- [EXERCISE DESCRIPTION] Leaving the images aside, transcribe all the data below exactly.

- [SOURCE MATERIAL]
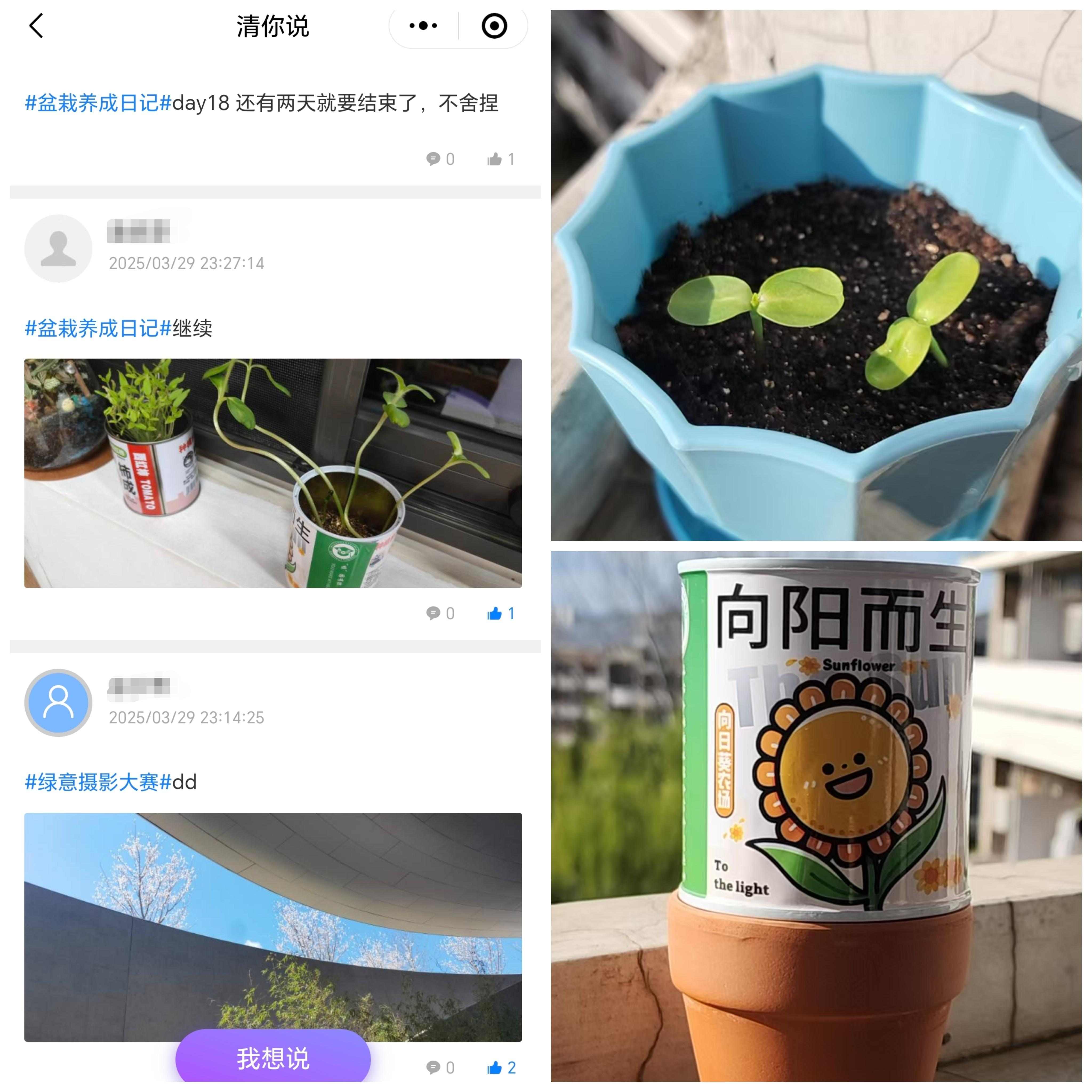 草长莺飞催春行,万象更新践“清”绿。米兰·体育研究生团委依托碳账户面板设置活动排行榜,推出“清华春物志”主题打卡,倡导同学们养成低碳生活习惯,设置“绿植合影”“环保创意作品展”“低碳生活实践”“盆栽养护记录”“春日绿意摄影”五个主题,累计打卡约1500人次。后续,米兰·体育研究生团委将持续优化碳账户面板,以信息化手段记录绿植养护、植树造林、步行运动中的减碳足迹。
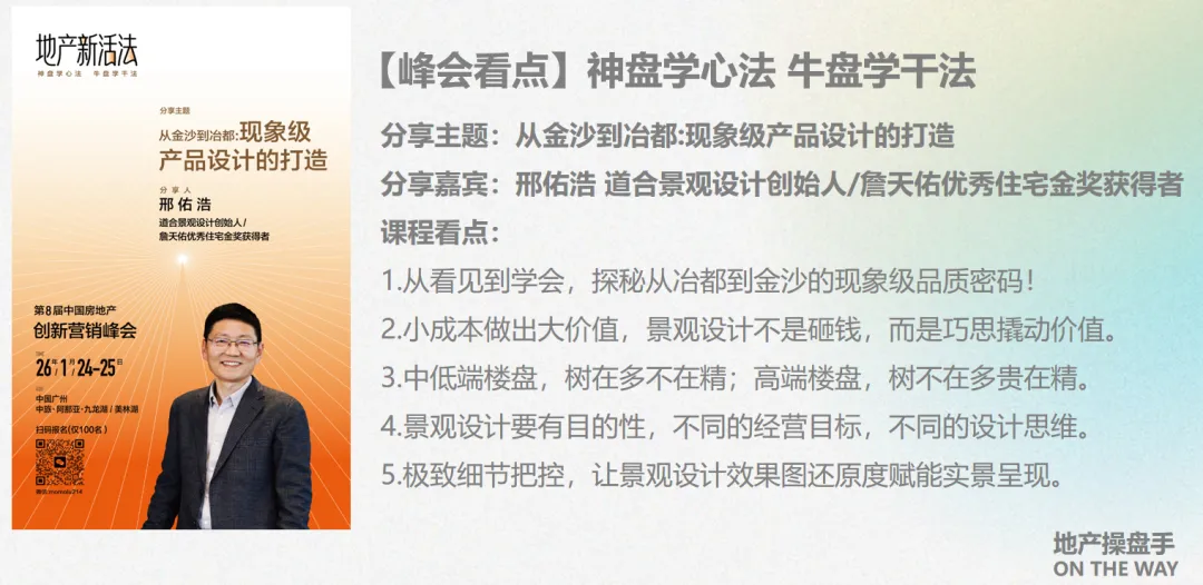 峰会还邀请了金沙、冶都、新东升等名盘的首席设计负责人,如何在有限售价内打造高口碑、高利润的好房子,以及现象级产品的居住新场景。
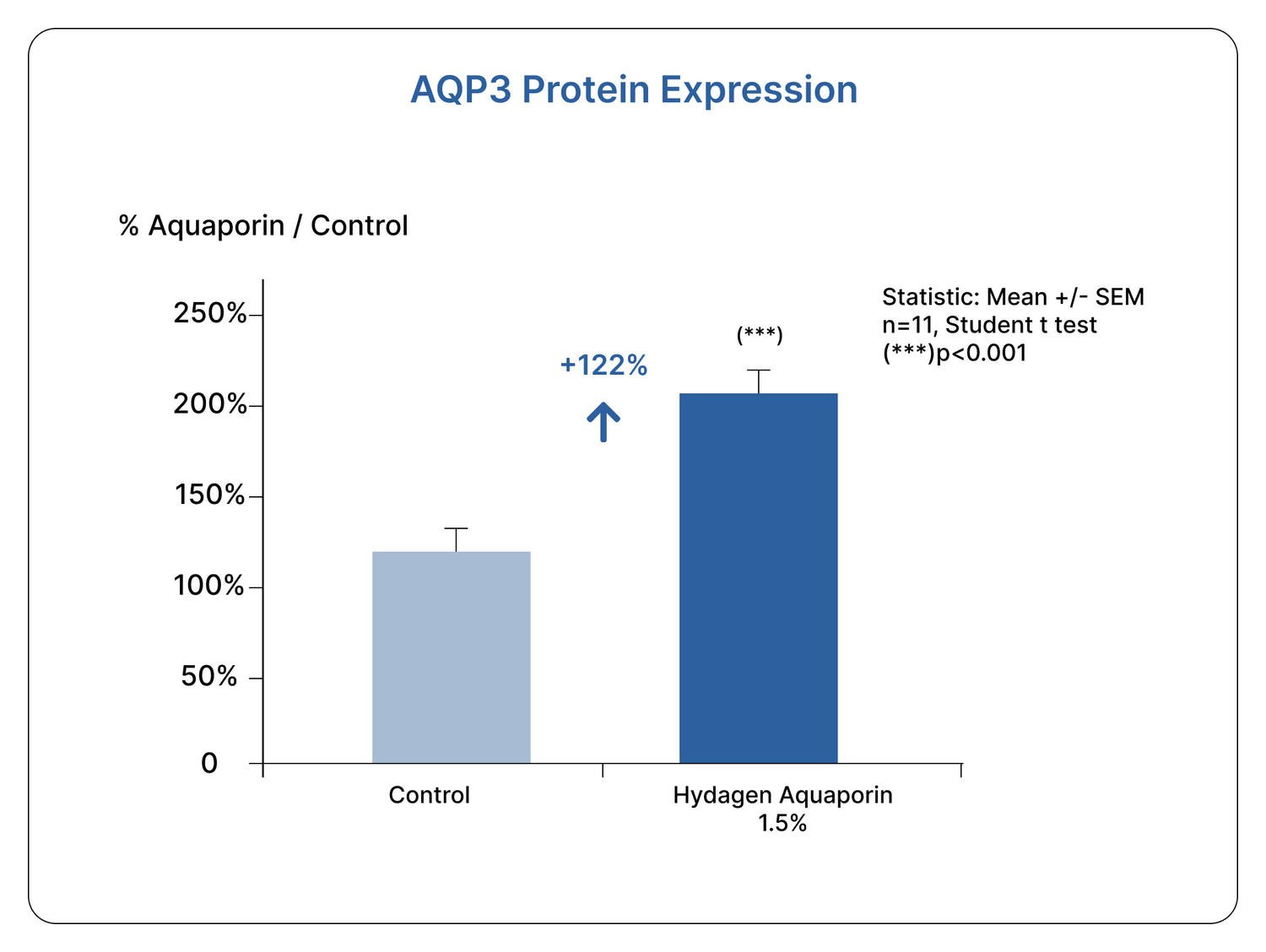 ⬆️ Aquaporin-3 expression (water channel protein) by 122%

- [OUTPUT]
 草长莺飞催春行,万象更新践“清”绿。米兰·体育研究生团委依托碳账户面板设置活动排行榜,推出“清华春物志”主题打卡,倡导同学们养成低碳生活习惯,设置“绿植合影”“环保创意作品展”“低碳生活实践”“盆栽养护记录”“春日绿意摄影”五个主题,累计打卡约1500人次。后续,米兰·体育研究生团委将持续优化碳账户面板,以信息化手段记录绿植养护、植树造林、步行运动中的减碳足迹。
 峰会还邀请了金沙、冶都、新东升等名盘的首席设计负责人,如何在有限售价内打造高口碑、高利润的好房子,以及现象级产品的居住新场景。
 ⬆️ Aquaporin-3 expression (water channel protein) by 122%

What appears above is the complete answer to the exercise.